We first start with defining our data transformations. We need to think what our data is and how can we augment it to correct represent images which it might not see otherwise. 


In [None]:
train_transforms = transforms.Compose([
                                   transforms.RandomRotation((-7.0, 7.0), fill=(1,)),
                                   transforms.ToTensor(),
                                   transforms.Normalize((0.1307,), (0.3081,)) # The mean and std have to be sequences (e.g., tuples), therefore you should add a comma after the values. 
                                   ])

test_transforms = transforms.Compose([
                                   transforms.ToTensor(),
                                   transforms.Normalize((0.1307,), (0.3081,))
                                   ])

# Dataset and Creating Train/Test Split

In [None]:
train = datasets.MNIST('./data', train=True, download=True, transform=train_transforms)
test = datasets.MNIST('./data', train=False, download=True, transform=test_transforms)

# Dataloader Arguments & Test/Train Dataloaders


In [None]:
SEED = 1

# CUDA?
cuda = torch.cuda.is_available()
print("CUDA Available?", cuda)

# For reproducibility
torch.manual_seed(SEED)

if cuda:
    torch.cuda.manual_seed(SEED)

# dataloader arguments - something you'll fetch these from cmdprmt
dataloader_args = dict(shuffle=True, batch_size=128, num_workers=4, pin_memory=True) if cuda else dict(shuffle=True, batch_size=64)

# train dataloader
train_loader = torch.utils.data.DataLoader(train, **dataloader_args)

# test dataloader
test_loader = torch.utils.data.DataLoader(test, **dataloader_args)

CUDA Available?
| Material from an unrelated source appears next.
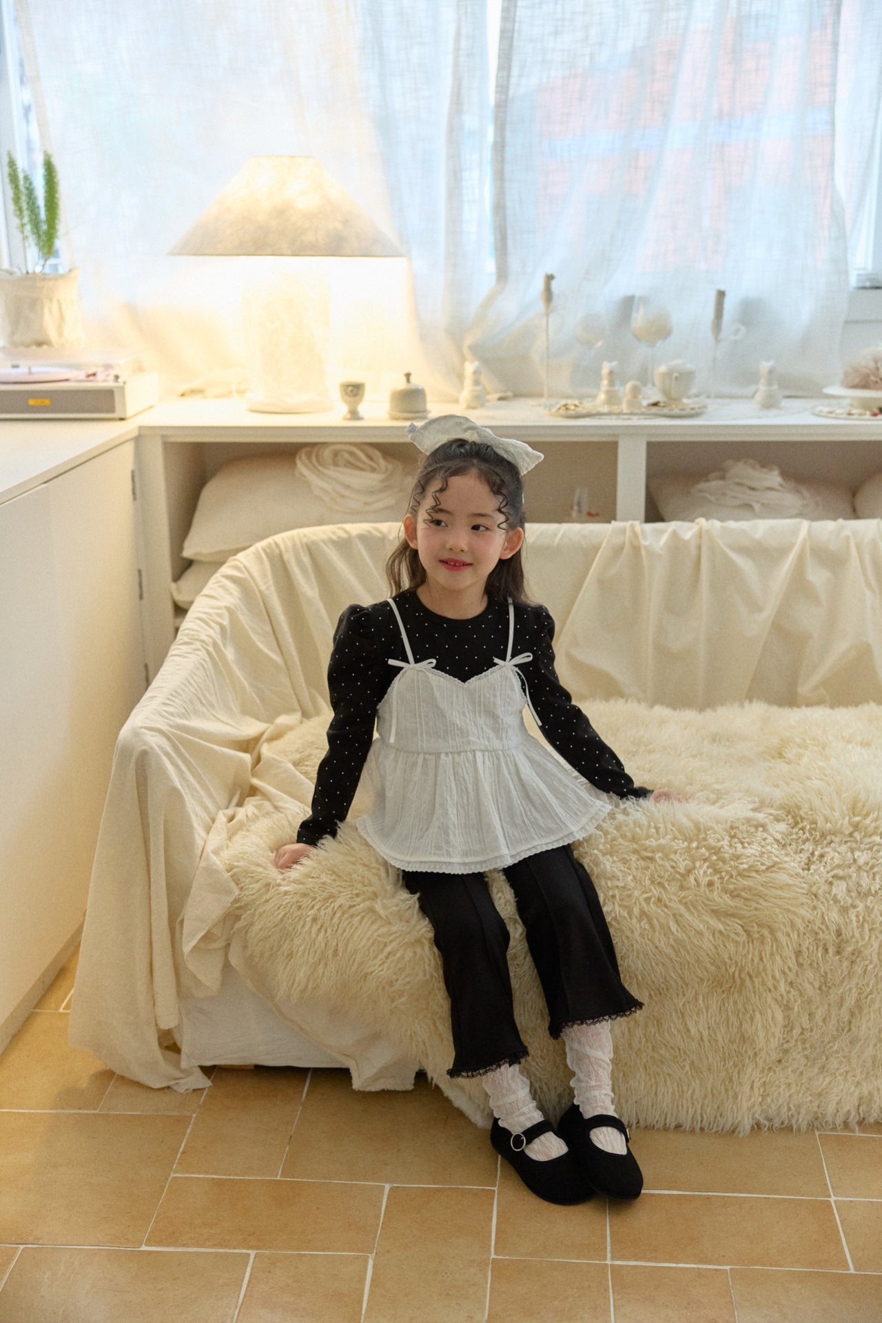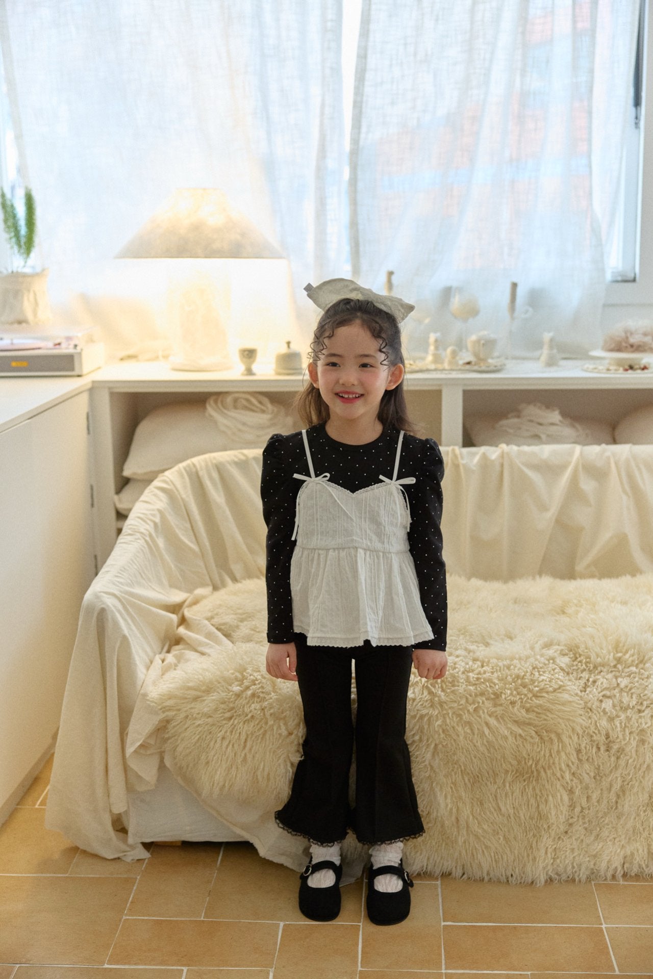 精緻、典雅,風格帶點法式與韓系融合的感覺 —— 雙層上衣設計、微喇叭褲、蝴蝶結點綴,整體溫柔又俏皮。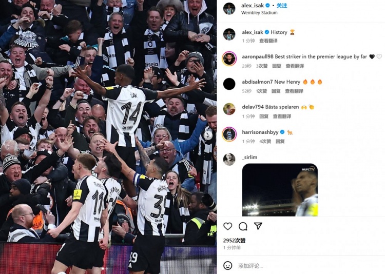 3月17日訊 紐卡在聯賽杯決賽2-1擊敗利物浦,時隔70年再次奪冠,進球功臣伊薩克也在賽后通過社媒慶祝。第53分鐘,利夫拉門托與巴恩斯配合后送出傳中,后點墨菲頭球擺渡,伊薩克跟進破門。伊薩克曬出了自己的霸氣慶祝照,并配文:“創造歷史!” 本文標簽: 足球 英超 利物浦 紐卡斯爾聯

True


  cpuset_checked))


# The model
Let's start with the model we first saw

##### Train and Test functions

In [None]:
from tqdm import tqdm

train_losses = []
test_losses = []
train_acc = []
test_acc = []

def train(model, device, train_loader, optimizer, epoch):
  model.train()
  pbar = tqdm(train_loader)
  correct = 0
  processed = 0
  for batch_idx, (data, target) in enumerate(pbar):
    # get samples
    data, target = data.to(device), target.to(device)

    # Init
    optimizer.zero_grad()
    # In PyTorch, we need to set the gradients to zero before starting to do backpropragation because PyTorch accumulates the gradients on subsequent backward passes. 
    # Because of this, when you start your training loop, ideally you should zero out the gradients so that you do the parameter update correctly.

    # Predict
    y_pred = model(data)

    # Calculate loss
    loss = F.nll_loss(y_pred, target)
    train_losses.append(loss)

    # Backpropagation
    loss.backward()
    optimizer.step()

    # Update pbar-tqdm
    
    pred = y_pred.argmax(dim=1, keepdim=True)  # get the index of the max log-probability
    correct += pred.eq(target.view_as(pred)).sum().item()
    processed += len(data)

    pbar.set_description(desc= f'Loss={loss.item()} Batch_id={batch_idx} Accuracy={100*correct/processed:0.2f}')
    train_acc.append(100*correct/processed)

def test(model, device, test_loader):
    model.eval()
    test_loss = 0
    correct = 0
    with torch.no_grad():
        for data, target in test_loader:
            data, target = data.to(device), target.to(device)
            output = model(data)
            test_loss += F.nll_loss(output, target, reduction='sum').item()  # sum up batch loss
            pred = output.argmax(dim=1, keepdim=True)  # get the index of the max log-probability
            correct += pred.eq(target.view_as(pred)).sum().item()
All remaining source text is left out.